Mexican Lasagna

  • 10 small four tortillas
  • 1 can refried beans
  • 1 red pepper, diced
  • 1/2 onion, diced
  • 1 lb ground beef
  • 1-2 Tbsp taco seasoning
  • 10 oz Rotel
  • 1 can (19 oz) black beans
  • 1 can (19 oz) corn, drained
  • 1/2 c salsa
  • 4 oz (1/2 c) cream cheese, cut into small cubes
  • 1 small bunch of cilantro, chopped
  • 1-2 c shredded Tex mex cheese
  1. Preheat oven to 350 degrees.
  2. Brown ground beef in frying pan over high heat. Drain excess oil. Add onions and peppers.
  3. Add taco seasoning, Rotel, black beans, corn and salsa. Add in the cream cheese and stir until melted. Stir in cilantro.

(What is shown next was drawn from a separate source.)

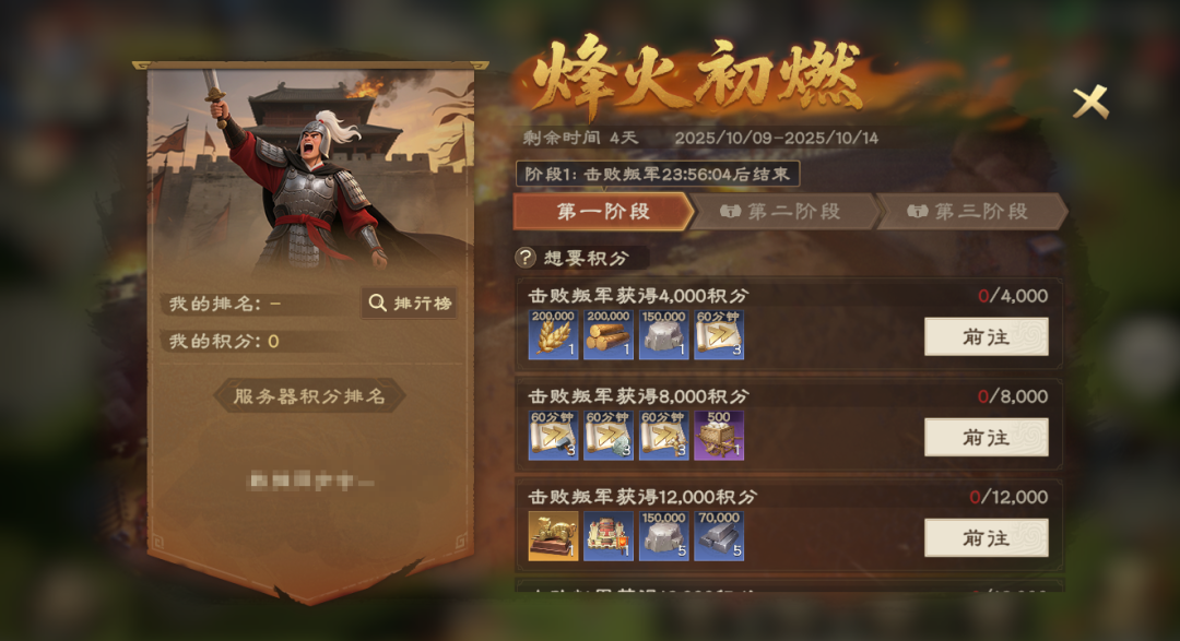 活動(dòng)分為“擊敗叛軍”、“部隊(duì)訓(xùn)練”、“捐獻(xiàn)資源”3個(gè)階段,完成任務(wù)不僅可獲得個(gè)人獎(jiǎng)勵(lì),更能為國家累計(jì)積分。

  4. Spray 9×13 pan with cooking spray. Take 1/2 the can of refried beans and spread over 5 of the flour tortillas, layer them in the bottom of the pan. Sprinkle with 1/2 c of cheese then layer on 1/2 of the beef mixture.
  5. Take the remaining 1/2 can of refried beans and spread over the other 5 flour tortillas, layer them on top. Top with remaining beef mixture, then remaining cheese. Bake 25-30 minutes.